Exercise objective
Every line below from the one containing "Επαγγελματικό πουφ δύο" through the one containing "Nadziewaj na patyczki" is to be printed exactly, with the pictures omitted.

Data supplied

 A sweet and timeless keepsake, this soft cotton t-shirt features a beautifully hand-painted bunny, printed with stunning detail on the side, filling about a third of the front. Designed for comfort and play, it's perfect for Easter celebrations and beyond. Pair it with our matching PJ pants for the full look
---
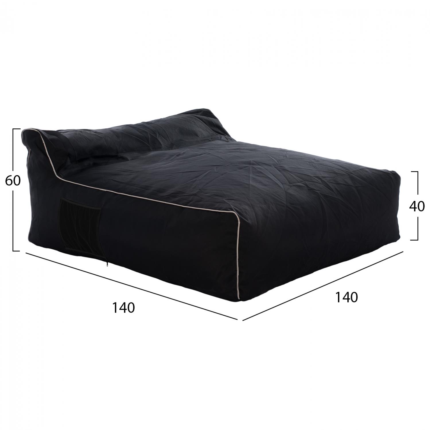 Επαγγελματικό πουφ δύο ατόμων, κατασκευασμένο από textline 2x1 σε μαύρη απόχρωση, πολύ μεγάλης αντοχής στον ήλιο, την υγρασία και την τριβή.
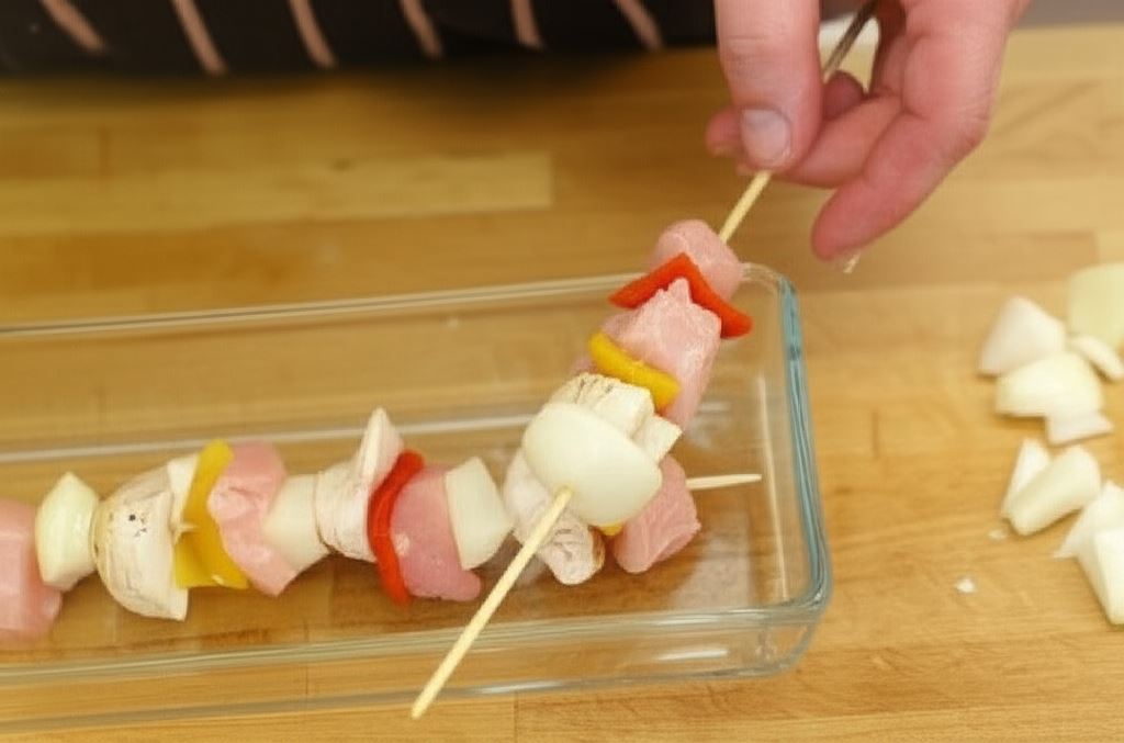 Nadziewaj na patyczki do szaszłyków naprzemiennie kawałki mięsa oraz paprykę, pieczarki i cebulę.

Reply
 Επαγγελματικό πουφ δύο ατόμων, κατασκευασμένο από textline 2x1 σε μαύρη απόχρωση, πολύ μεγάλης αντοχής στον ήλιο, την υγρασία και την τριβή.
 Nadziewaj na patyczki do szaszłyków naprzemiennie kawałki mięsa oraz paprykę, pieczarki i cebulę.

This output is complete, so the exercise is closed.